(TASK DESCRIPTION): Stop at the line containing "人教版·四年级·语文词句段、课后习题、语文园地知识点梳理(第一单元)": repeat exactly every line of the entries below from the first up to it, plus that line, with pictures omitted.

(SUPPLIED RECORDS):
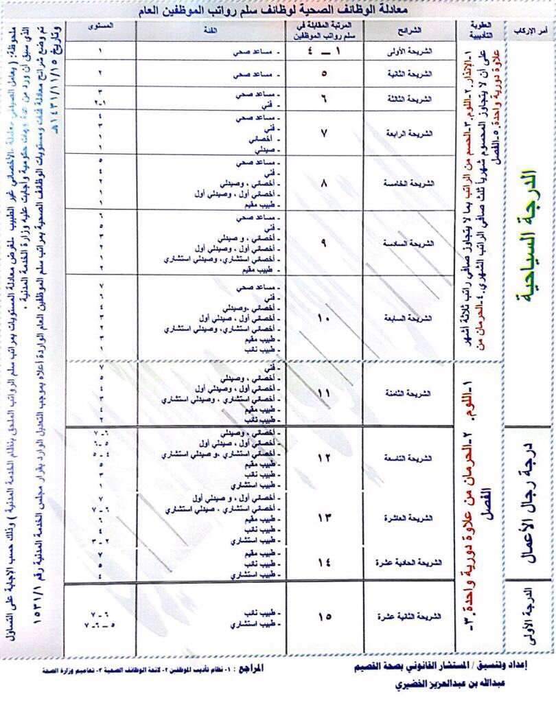 الكادر الصحي العسكري سلم رواتب لائحة الوظائف الصحية 1 حسب الأمر الملكي 25 6 1432 هـ
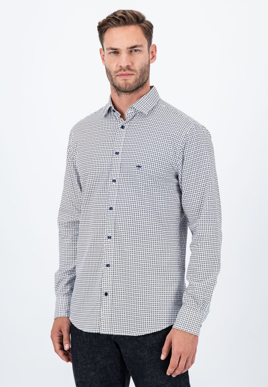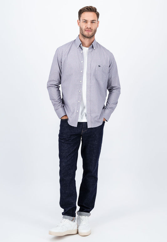Fynch Hatton Long-Sleeved Print Shirt - Dark Navy
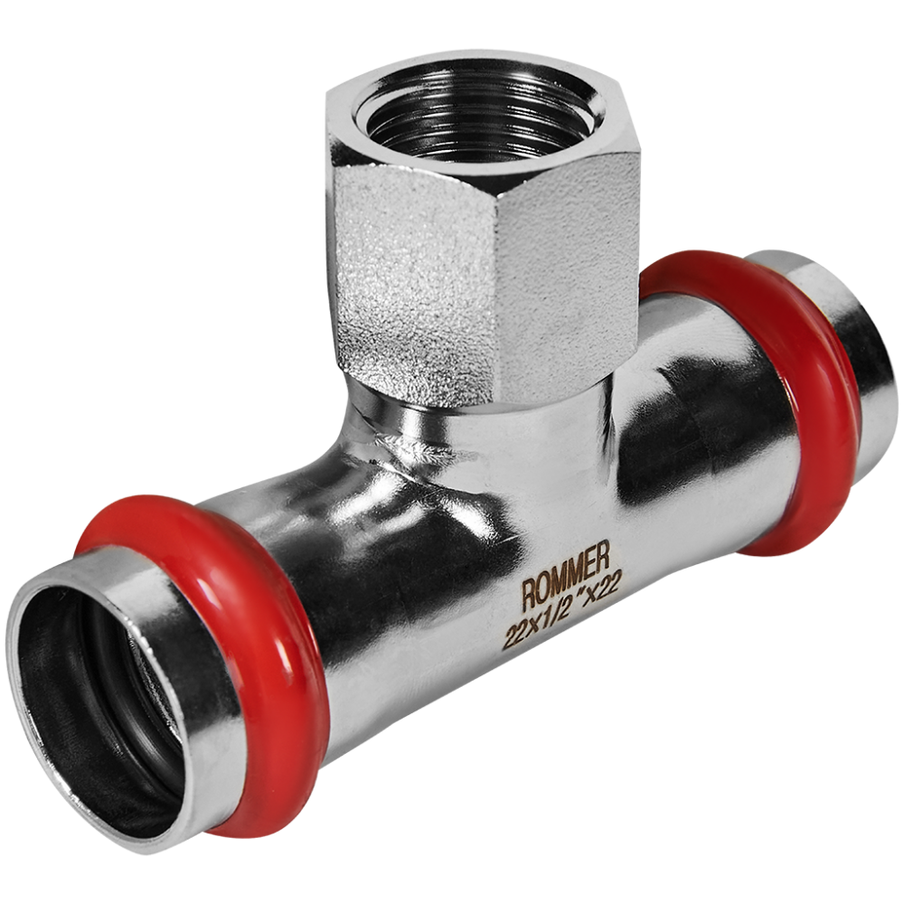 Тройник-переходник Rommer ВПр-ВР, 22х1/2, из нержавеющей стали прессовой
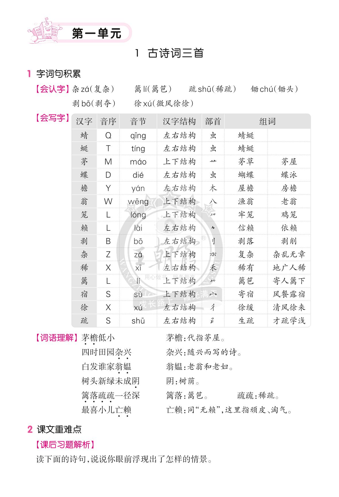 人教版·四年级·语文词句段、课后习题、语文园地知识点梳理(第一单元)
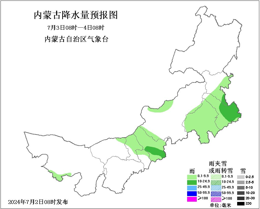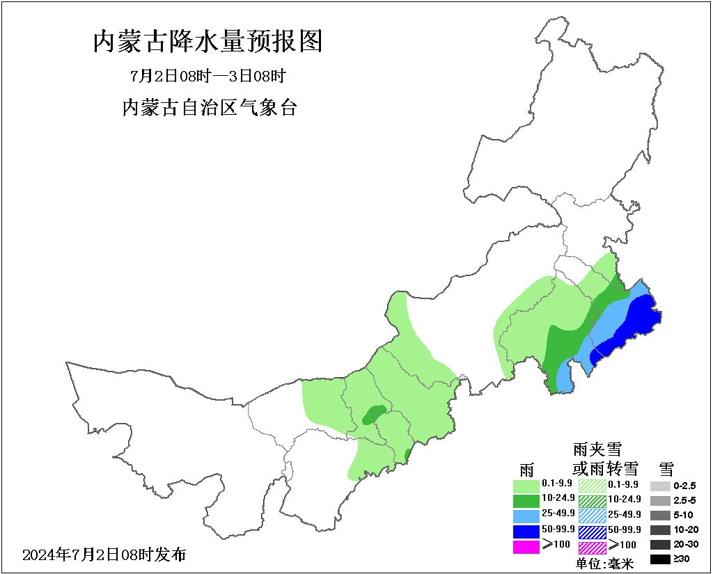 今天,西部偏东、中部偏西和东南部地区多云,巴彦淖尔市东部、鄂尔多斯市东北部、包头市、呼和浩特市、乌兰察布市、锡林郭勒盟西部和东南部、赤峰市、通辽市、兴安盟南部有小雨,其中,包头市东南部、呼和浩特市南部偏南、赤峰市中南部、通辽市中南部有中雨,赤峰市南部、通辽市南部有大雨,赤峰市东南部、通辽市南部偏南地区有暴雨,上述地区伴有短时强降水、雷暴大风、冰雹等强对流天气,其余地区晴间多云;阿拉善盟西北部有35度及以上高温天气。

(ANSWER BELOW):
 الكادر الصحي العسكري سلم رواتب لائحة الوظائف الصحية 1 حسب الأمر الملكي 25 6 1432 هـ
Fynch Hatton Long-Sleeved Print Shirt - Dark Navy
 Тройник-переходник Rommer ВПр-ВР, 22х1/2, из нержавеющей стали прессовой
 人教版·四年级·语文词句段、课后习题、语文园地知识点梳理(第一单元)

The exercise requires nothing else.